Susan Ireland, writing about Women for The Review of Contemporary Fiction, recommended the book, stating that "those willing to join Sollers in his playful romp through Parisian literary milieux may well enjoy the social satire and the effervescent virtuosity of his style."

Extended considerations of Women appear in the book-length treatments of Sollers's oeuvre by Roland Champagne and Malcolm Pollard. Champagne contends that despite Sollers's turn to a more straightforward narrative style than in his previous experimental works, this change "is undercut by the self-deprecating tone of the narrative voice." Champagne goes on to point out that Sollers's "style is not flatly sincere... the humor of Femmes is subtle because the sexism of the narrator and the other males is asserted by response to the assertive threats of the women characters."

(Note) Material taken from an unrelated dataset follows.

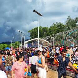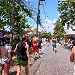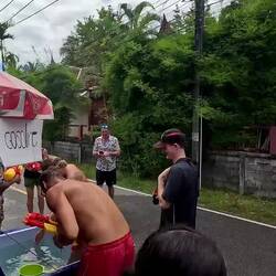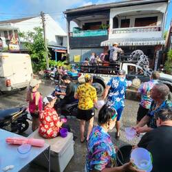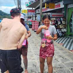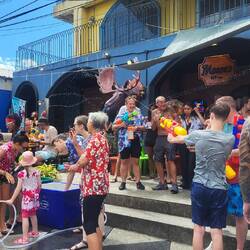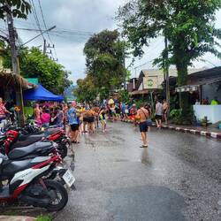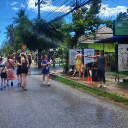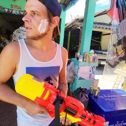 Das „Songkran Festival“ ist das thailändische Neujahrsfest und findest jährlich vom 13.04. - 15.04. statt. Am ersten Tag, wird den ganzen Tag lang eine riesige Wasserschlacht zelebriert. Es werden Tonnen und Fässer mit Wasser (& teilweise + Eis ๐ง) gefüllt und jeder bewaffnet sich mit einer Wasserpistole ๐ซ einem Gartenschlauch ๐ฟoder einem Eimer ๐ชฃ. Ob auf dem Roller ๐ต , auf der Ladefläche des Jeeps, im Schulbus oder in der Bar am Tresen stehend, es wird einfach JEDER nass gemacht. ๐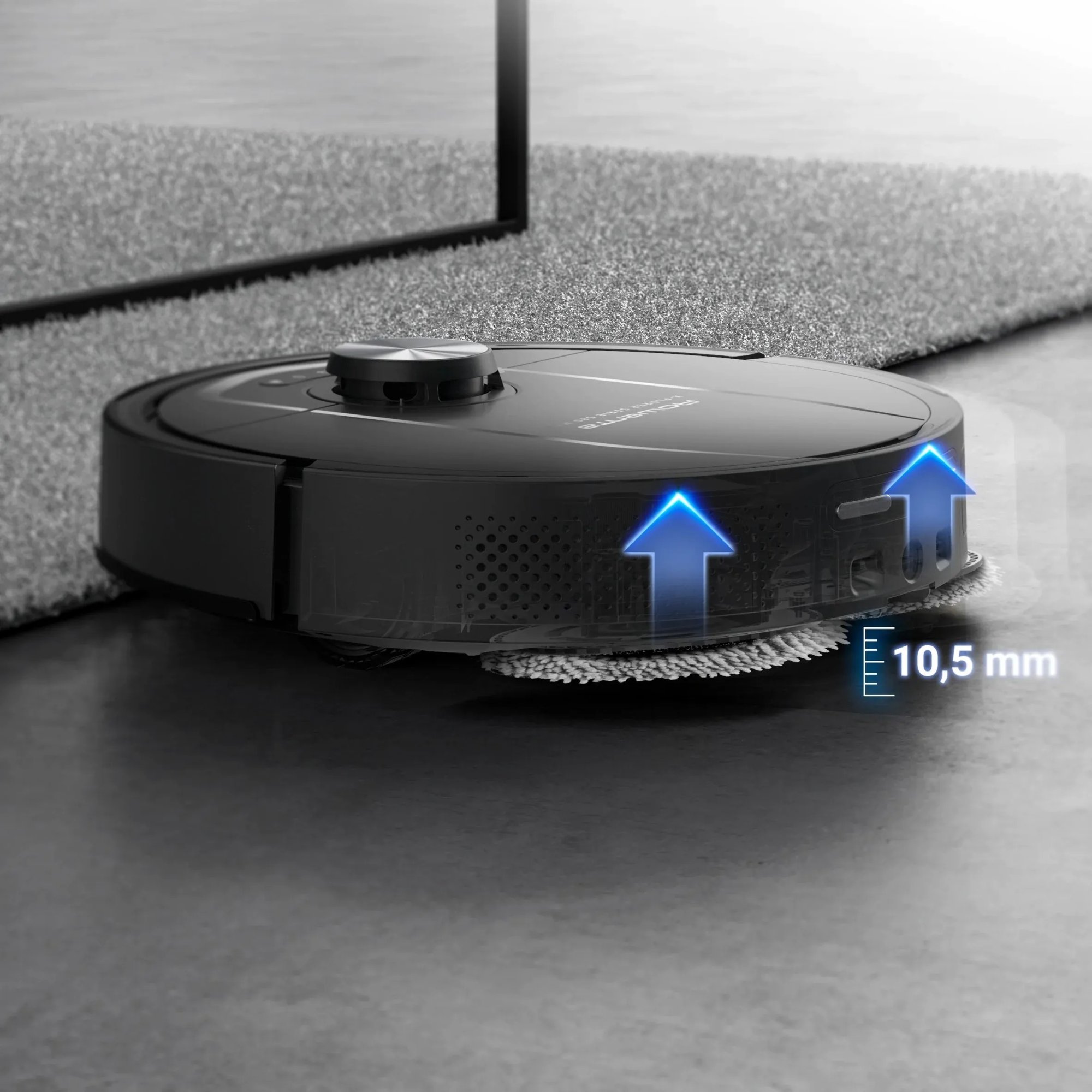 Потужність всмоктування до 10 000 Па гарантує глибоке очищення всіх типів підлог — від плитки та ламінату до килимів — навіть найдрібніший пил та сміття не залишаться непоміченими. Робот використовує технологію LiDAR 360° для розумної навігації, що дозволяє планомірно проходити всю кімнату, уникати перешкод та не пропускати жодного сантиметра.

Both Roland Champagne and Malcolm Pollard see Sollers's fascination with William de Kooning as central to the novel, and crucial to understanding novel's perspective on women. "The feminine side of De Kooning intrigues Sollers and might be very similar to the side of Sollers that is suggested in the portrayal of women in Femmes. The desires of women are not obvious to men and yet both of these artists, De Kooning and Sollers, involve their own eroticism in a fascination with desiring women." Pollard argues that Sollers sees De Kooning as an "ally" for his narrator since De Kooning's life, like Will's, is marked by battle against dogmatic enemies. Pollard identifies an "analogy ... between De Kooning as a painter attacked for the form and content of his art, and Will as narrator concerned with the threat posed to freedom of expression in the novel."

An English-language excerpt from Women was published in Yale French Studies in 1988, and Women appeared in an English translation by Barbara Bray in 1990.